2人の護衛を連れた行商人を襲い、仕事を終えたあとだった。


護衛の腕がよくて、こちらは9人やられちまったが、俺には関係ねぇ。


この辺り、特にここから北に行けば、戦争に溢れ故郷を失った難民が、畑の野菜のように取れやがる。

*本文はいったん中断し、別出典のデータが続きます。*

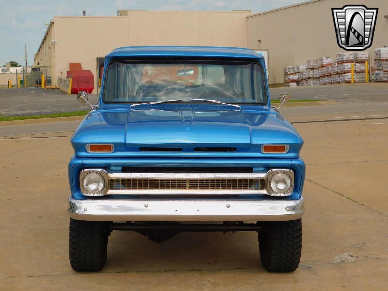 Delight in the timeless elegance of this 1966 Chevrolet K10. Wrapped in a striking blue exterior, this classic pickup exudes strength and finesse from every angle. It is powered by an impressive V8 engine, paired with an automatic transmission - a blend of power and convenience for a smooth, well-controlled ride.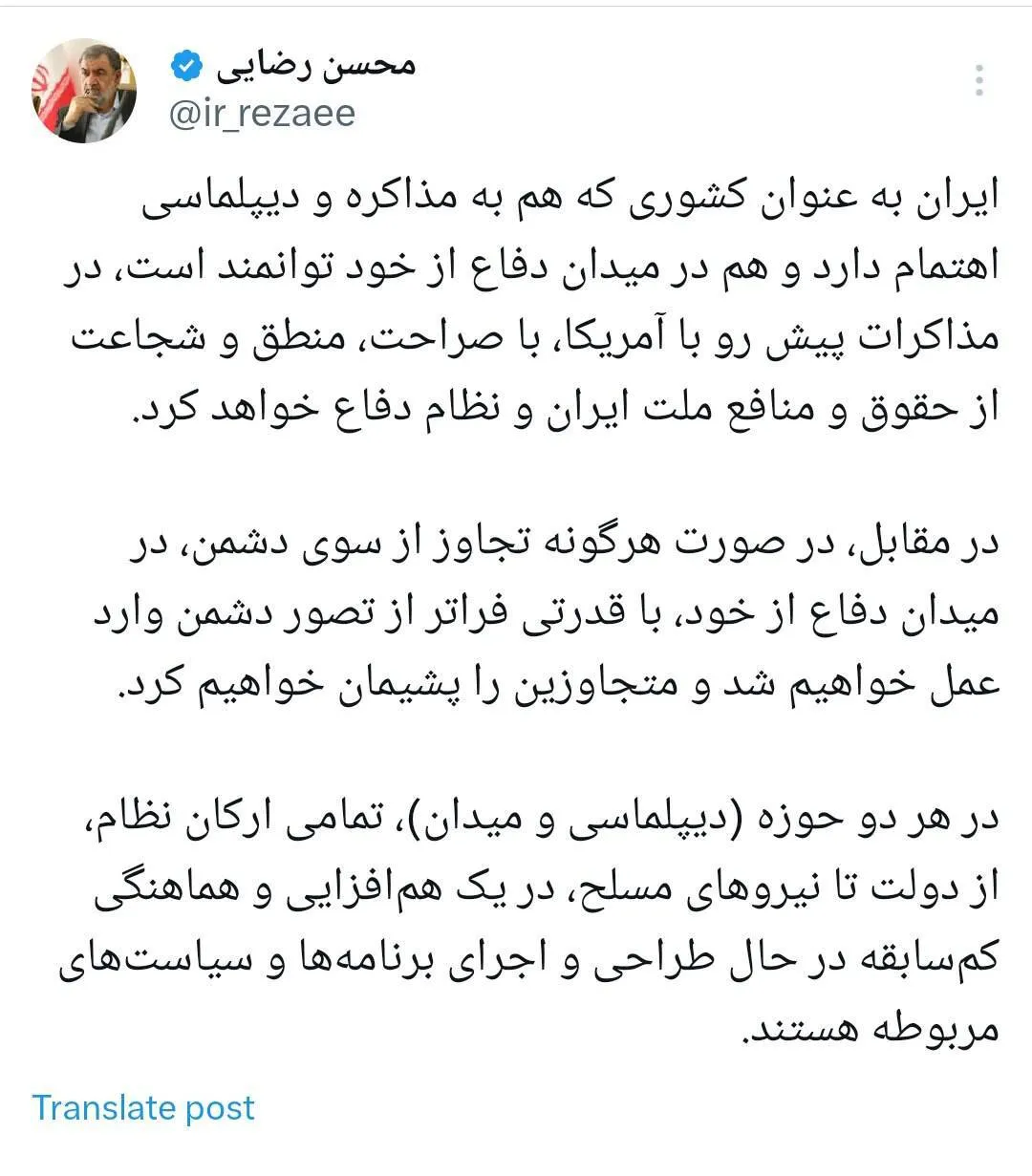 ایران به عنوان کشوری که هم به مذاکره و دیپلماسی اهتمام دارد و هم در میدان دفاع از خود توانمند است، در مذاکرات پیش رو با آمریکا، با صراحت، منطق و شجاعت از حقوق و منافع ملت ایران و نظام دفاع خواهد کرد.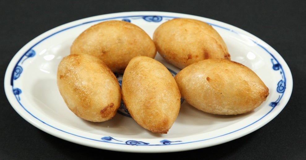 塩味を効かせた7種の具材(チャーシュー・豚肉・鶏肉・干しえび・大根・干しシイタケ・きくらげ)を餅粉の皮で丁寧に包み、冷凍でお届けいたします。外はサクサクのモチモチ皮と、とろりとこぼれる五目餡が絶妙にマッチします。ご自宅で揚げたてをご賞味ください。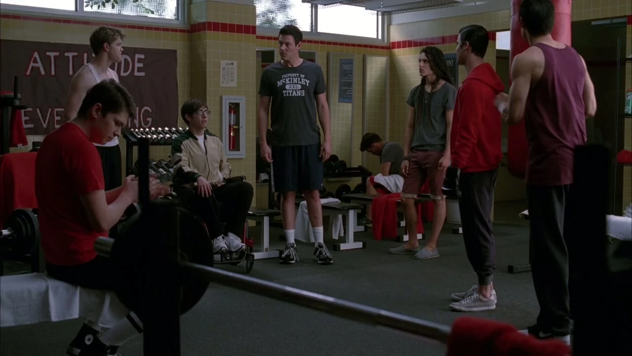 Mike bittet Blaine im Trainingsraum um einige Haar-Tipps, als Finn sich in das Gespräch mischt und den anderen Jungs verdeutlicht, dass Puck nicht anwesend ist und ihn niemand seit einiger Zeit gesehen hat. Er ist der Meinung, dass sie alle den Abschluss schaffen sollten, weshalb sie Puck helfen wollen, seine Erdkunde-Note zu retten.
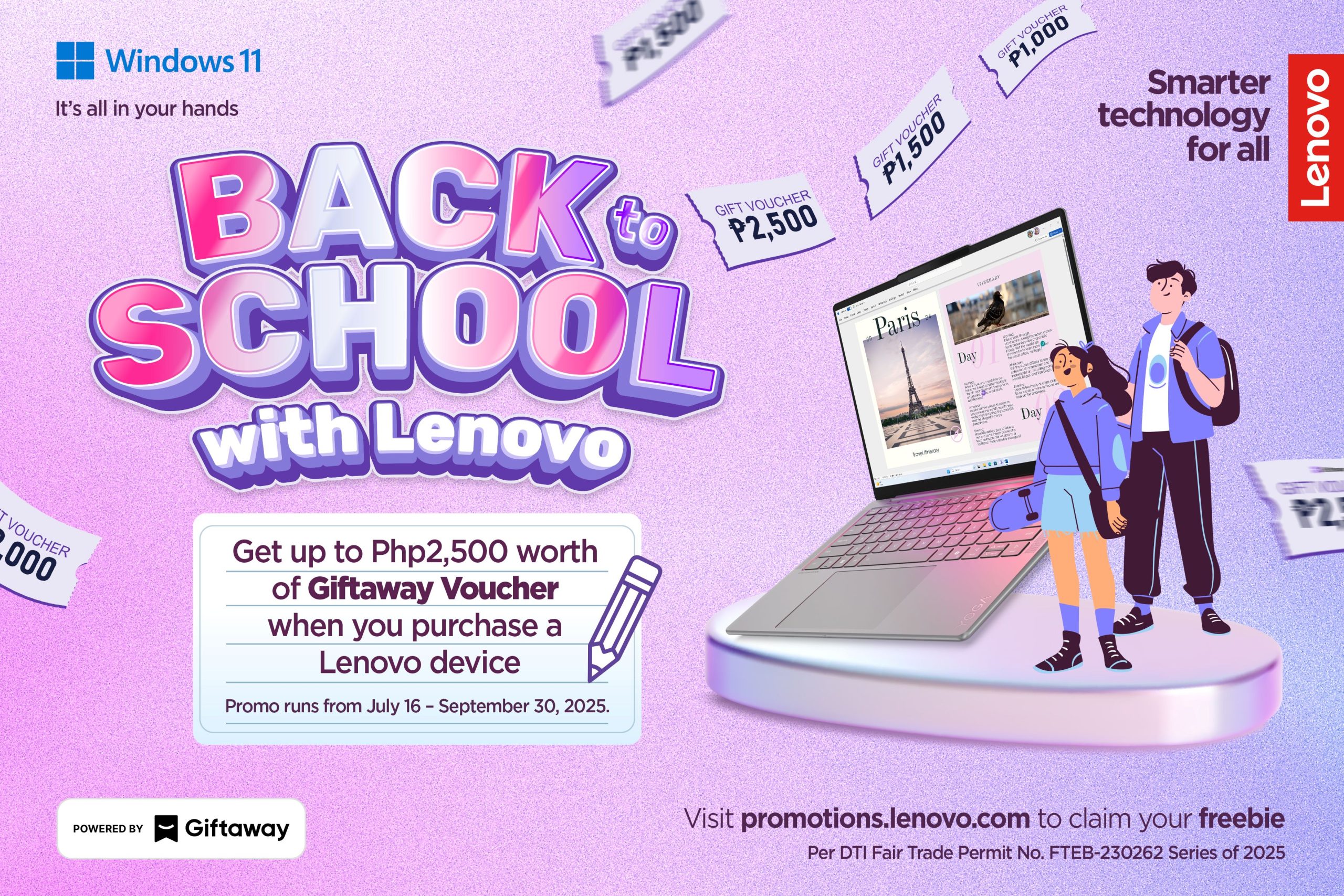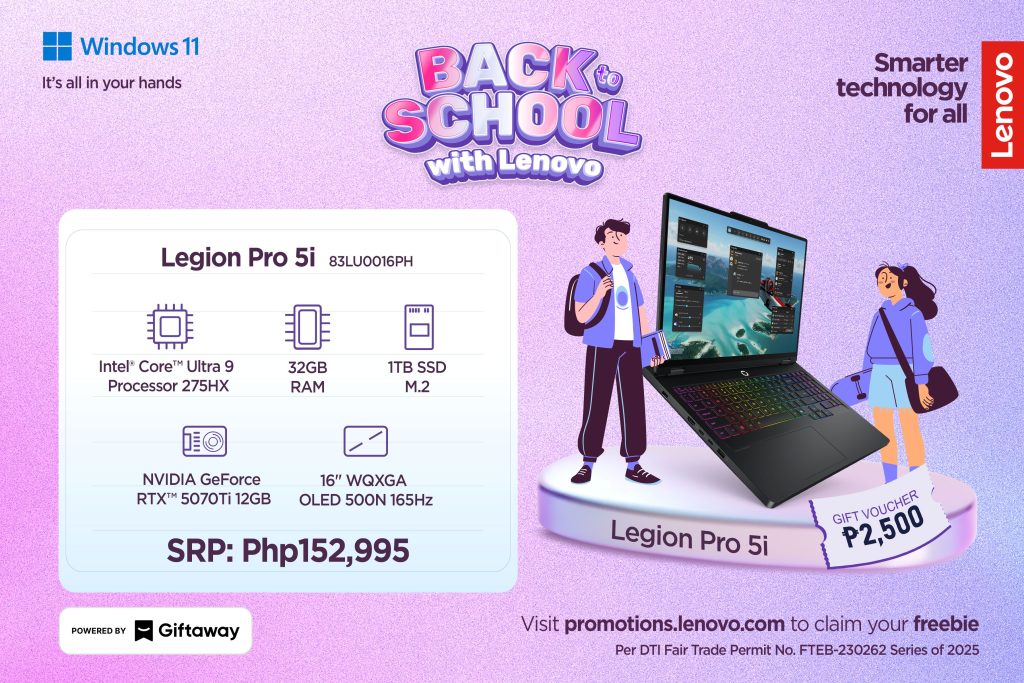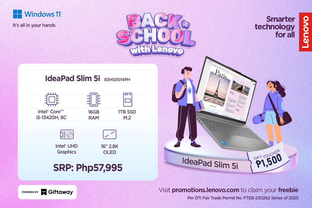 Lenovo is back with a smarter, more rewarding way to gear up for the new academic year. From July 16 to September 30, 2025, customers can enjoy up to ₱2,500 worth of Giftaway vouchers with the purchase of participating Lenovo devices through its Back to School with Lenovo: Laptop + Giftaway Voucher Deal!

国を失った騎士も、盗賊に成り下がるんだから、笑えねぇ。


だが、そんなやつらが、明日からは俺達の仲間だ。

今日9人死のうが、また野菜のように増えやがる。


そんな事を考えて、荷物を漁ってたら、ガキが2人歩いてきた。


こんな街道を歩くガキなんて、難民だろうな。


黒いローブを被ったガキと、茶色のローブを深くかぶったガキだ。

茶色い方は、巨大なリュックを背負ってる。


黒いローブの方は、見た事ねぇくれぇ綺麗な顔をしてやがった。

茶色のローブの方は、顔がよく見えねぇ。


そんなガキが、自分は盗賊だと言いやがる。

俺にも、そんな時代があったなと懐かしくなるぜ。


行き場もねぇ、未来もねぇ、でも生き抜くしかねぇ、

そんな風に、さまよってた時代だ。


あと10年生きれたら、仲間にしてやるよと思ってたら、茶色のローブが決闘を申し込んできた。


俺はバカバカしくて、相手にしなかったね。


……


その時の俺を、褒めてやりてぇ…。


俺には、黒いローブが消えたようにしか見えなかった。


茶色のローブが言ったように、こいつはバケモノだ。


10年待つなんて言わねぇ、こいつらを今、仲間にしてぇ。